PROBLEM TO WORK ON: Could you please transcribe the data exactly, without the pictures?

DATA SHOWN:
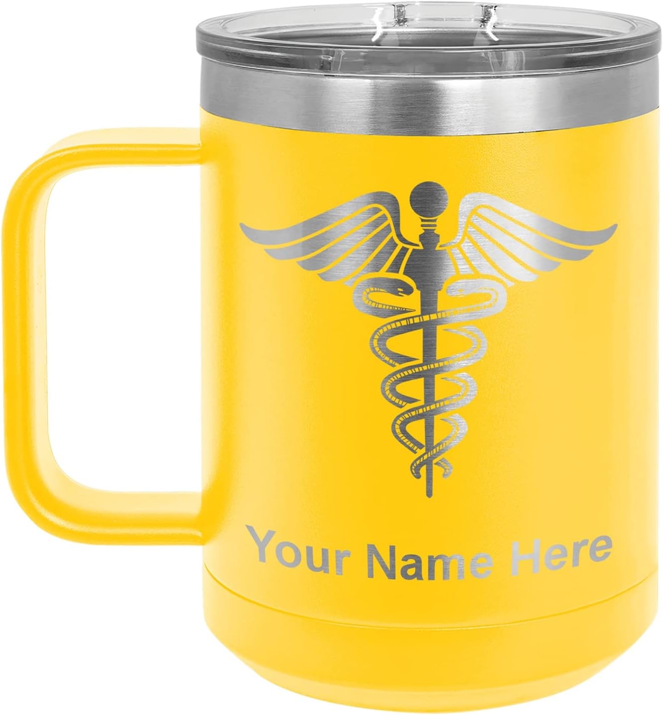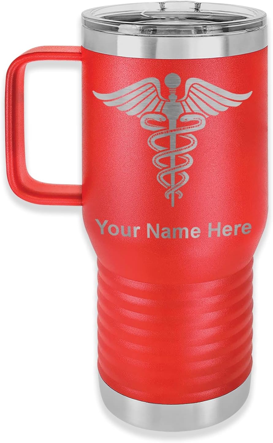 LaserGram 40 ounce Travel Mug with Handle that is laser engraved with the image that you see in the photo. Your own personalized text will be laser engraved below the image. Features double-walled stainless steel vacuum insulation with a clear lid. Click the "Customize Now" button to begin customizing your mug.
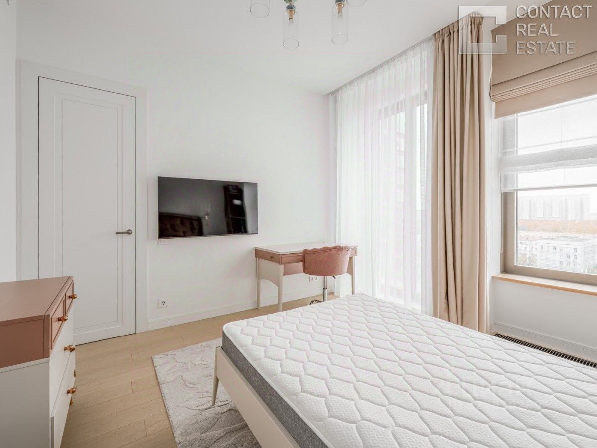Вашему вниманию предлагается видовая квартира общей площадью 115 м² с двумя спальнями в премиальном комплексе Lucky. Функциональная планировка: кухня-гостиная, мастер-спальня с гардеробной и ванной комнатой, вторая спальня c гардеробной, гостевой санузел, постирочная, просторный холл с нишей для хранения. Угловая квартира, много окон, благодаря чему всегда наполнена солнечным светом, предлагается с премиальной отделкой от застройщика в стиле Grey. Дизайн интерьера от итальянской студии Molteni Group. Установлена кухня и ванная итальянского бренда Dada. На полу деревянная паркетная доска с системой ''тёплый пол''. Санузлы облицованы керамогранитом и бетонной плиткой ''Терраццо''. Из окон открывается панормама на город и во внутреннюю благоустроенную территорию двора. Качество и комфорт жизни владельцев квартир обеспечивает целый комплекс инженерных систем, включающих технологии очистки воздуха и воды. Оборудована система ''Умный дом'', которая позволяет устанавливать индивидуальные параметры температурного режима, влажности и других удобств. Для решения бытовых вопросов жителей работает Служба комфорта на ресепшн. Жилой комплекс расположен на территории общей площадью 4,5 га и имеет хорошо развитую инфраструктуру: подземный паркинг, рестораны, кафе, спортивный центр, фитнес-маркет, образовательный центр, детский сад Cambridge. В непосредственной близости расположены Краснопресненский парк и парк Красногвардейские пруды. [Лот #24279]
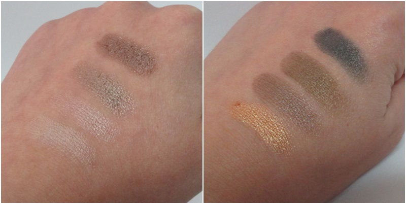 El estuche, antes de que se me olvide, tiene una medida, aproximada, de 12 x 5 x 1 cm, el cual, es perfecto para llevar de viaje o contigo en el bolso. En cuanto a su gama de sombras, me parece muy acertada e ideal para crear looks naturales y de día. En la siguiente foto podéis ver chuaches de cada una de ellas y, como podéis apreciar, ninguna de las sombras es totalmente mate, ya que, todas tienen algo de brillo, ya sea perlado, metalizado o con shimmer (pero nada exagerado que dejen tanta brillantina).
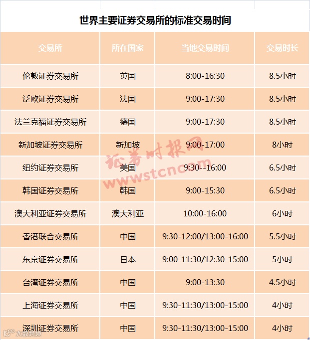 沪深两家证券交易所正常交易时间为4小时,在全球主要股票市场中最短。
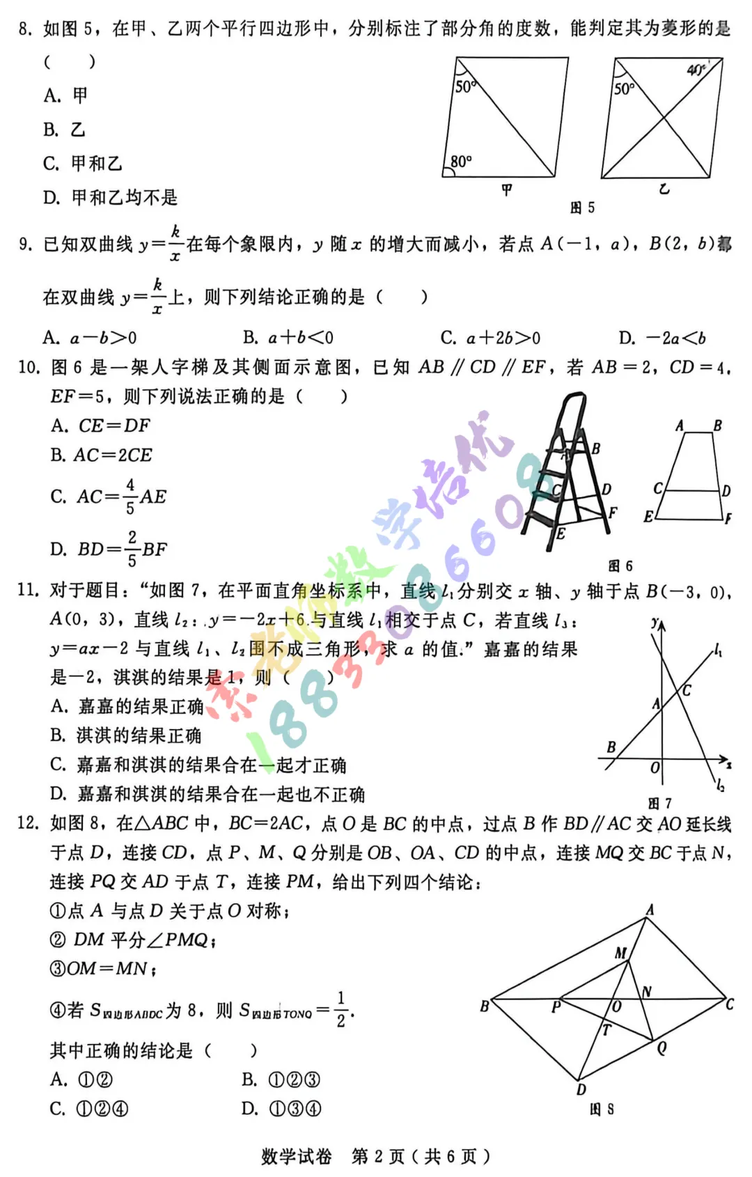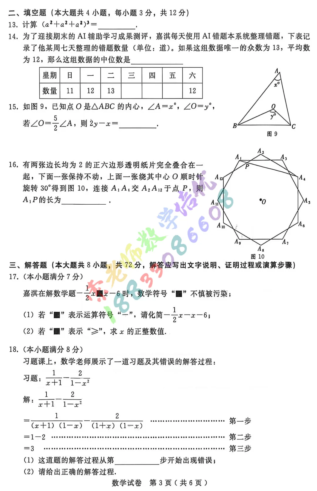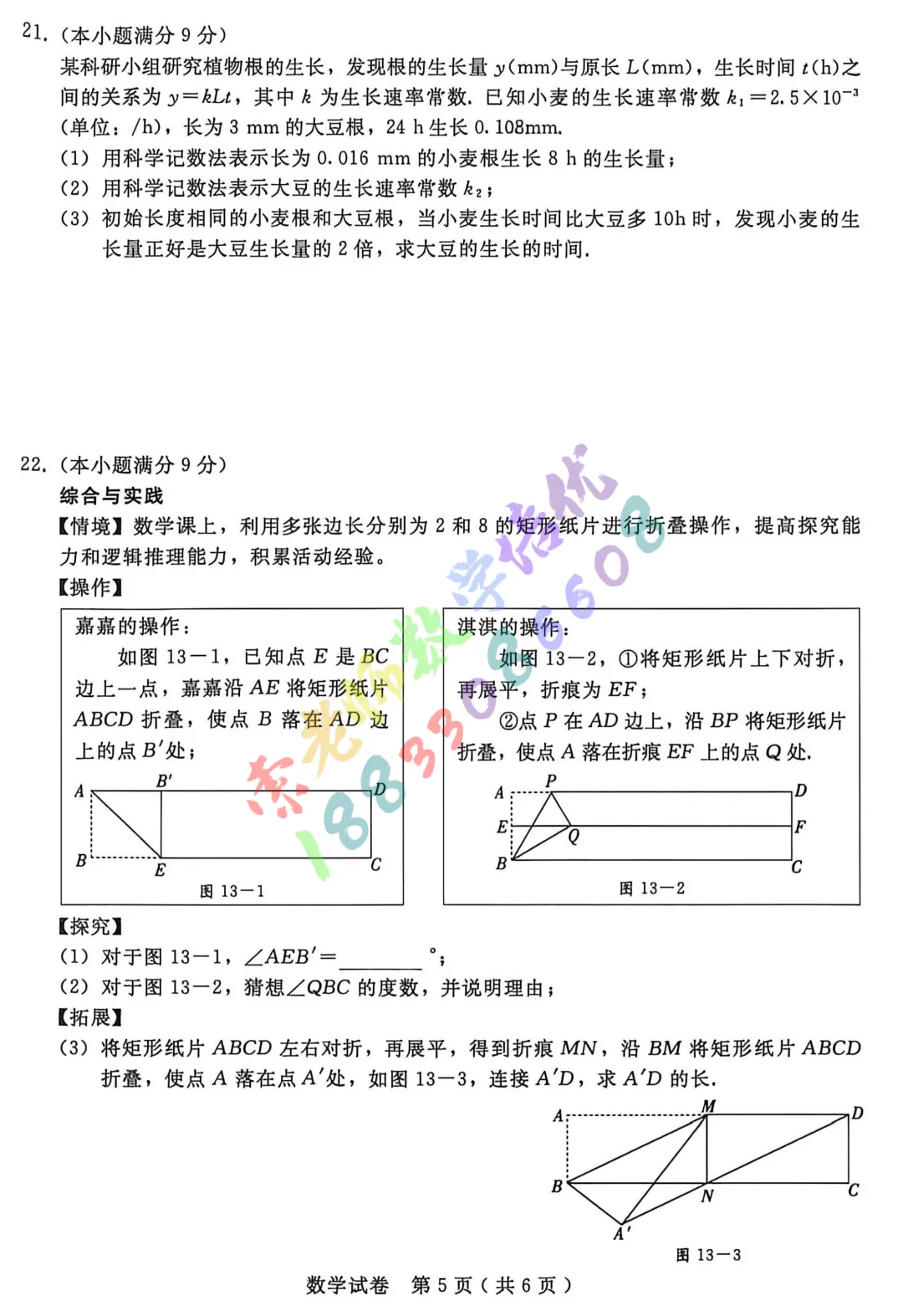 2026年邢台中考一模数学物理试卷(含参考答案)
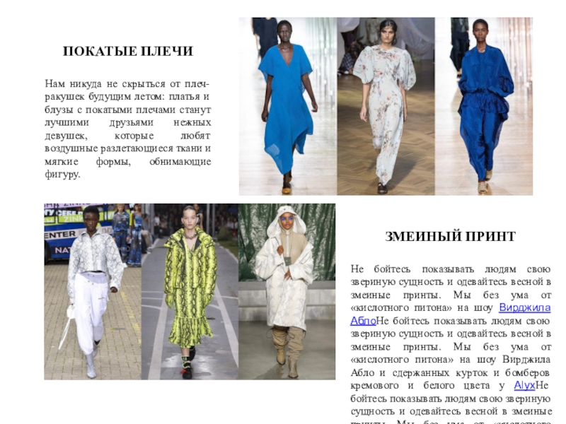 Не бойтесь показывать людям свою звериную сущность и одевайтесь весной в змеиные принты. Мы без ума от «кислотного питона» на шоу Вирджила АблоНе бойтесь показывать людям свою звериную сущность и одевайтесь весной в змеиные принты. Мы без ума от «кислотного питона» на шоу Вирджила Абло и сдержанных курток и бомберов кремового и белого цвета у AlyxНе бойтесь показывать людям свою звериную сущность и одевайтесь весной в змеиные принты. Мы без ума от «кислотного питона» на шоу Вирджила Абло и сдержанных курток и бомберов кремового и белого цвета у Alyx и Natasha Zinko.
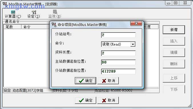 点击“确定”后,进入以下通讯命令表格:
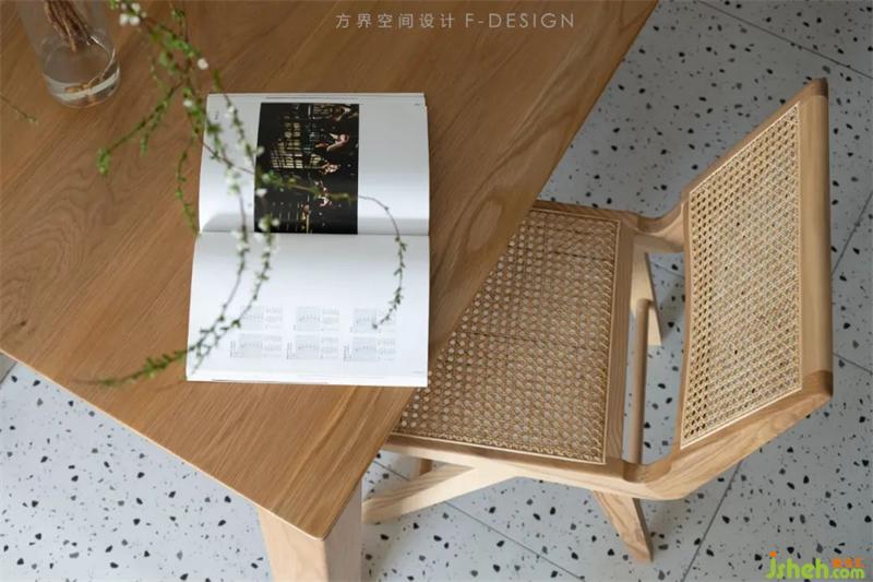 昌迪加尔餐椅搭配原木餐桌,恰到好处的线条比例和藤编细节之美。
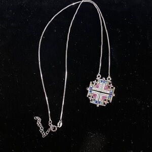 Enhance your jewelry collection with this unique, two-way magnetic silver pink & clear crystal pendant

EXERCISE ANSWER:
 LaserGram 40 ounce Travel Mug with Handle that is laser engraved with the image that you see in the photo. Your own personalized text will be laser engraved below the image. Features double-walled stainless steel vacuum insulation with a clear lid. Click the "Customize Now" button to begin customizing your mug.
Вашему вниманию предлагается видовая квартира общей площадью 115 м² с двумя спальнями в премиальном комплексе Lucky. Функциональная планировка: кухня-гостиная, мастер-спальня с гардеробной и ванной комнатой, вторая спальня c гардеробной, гостевой санузел, постирочная, просторный холл с нишей для хранения. Угловая квартира, много окон, благодаря чему всегда наполнена солнечным светом, предлагается с премиальной отделкой от застройщика в стиле Grey. Дизайн интерьера от итальянской студии Molteni Group. Установлена кухня и ванная итальянского бренда Dada. На полу деревянная паркетная доска с системой ''тёплый пол''. Санузлы облицованы керамогранитом и бетонной плиткой ''Терраццо''. Из окон открывается панормама на город и во внутреннюю благоустроенную территорию двора. Качество и комфорт жизни владельцев квартир обеспечивает целый комплекс инженерных систем, включающих технологии очистки воздуха и воды. Оборудована система ''Умный дом'', которая позволяет устанавливать индивидуальные параметры температурного режима, влажности и других удобств. Для решения бытовых вопросов жителей работает Служба комфорта на ресепшн. Жилой комплекс расположен на территории общей площадью 4,5 га и имеет хорошо развитую инфраструктуру: подземный паркинг, рестораны, кафе, спортивный центр, фитнес-маркет, образовательный центр, детский сад Cambridge. В непосредственной близости расположены Краснопресненский парк и парк Красногвардейские пруды. [Лот #24279]
 El estuche, antes de que se me olvide, tiene una medida, aproximada, de 12 x 5 x 1 cm, el cual, es perfecto para llevar de viaje o contigo en el bolso. En cuanto a su gama de sombras, me parece muy acertada e ideal para crear looks naturales y de día. En la siguiente foto podéis ver chuaches de cada una de ellas y, como podéis apreciar, ninguna de las sombras es totalmente mate, ya que, todas tienen algo de brillo, ya sea perlado, metalizado o con shimmer (pero nada exagerado que dejen tanta brillantina).
 沪深两家证券交易所正常交易时间为4小时,在全球主要股票市场中最短。
 2026年邢台中考一模数学物理试卷(含参考答案)
 Не бойтесь показывать людям свою звериную сущность и одевайтесь весной в змеиные принты. Мы без ума от «кислотного питона» на шоу Вирджила АблоНе бойтесь показывать людям свою звериную сущность и одевайтесь весной в змеиные принты. Мы без ума от «кислотного питона» на шоу Вирджила Абло и сдержанных курток и бомберов кремового и белого цвета у AlyxНе бойтесь показывать людям свою звериную сущность и одевайтесь весной в змеиные принты. Мы без ума от «кислотного питона» на шоу Вирджила Абло и сдержанных курток и бомберов кремового и белого цвета у Alyx и Natasha Zinko.
 点击“确定”后,进入以下通讯命令表格:
 昌迪加尔餐椅搭配原木餐桌,恰到好处的线条比例和藤编细节之美。
 Enhance your jewelry collection with this unique, two-way magnetic silver pink & clear crystal pendant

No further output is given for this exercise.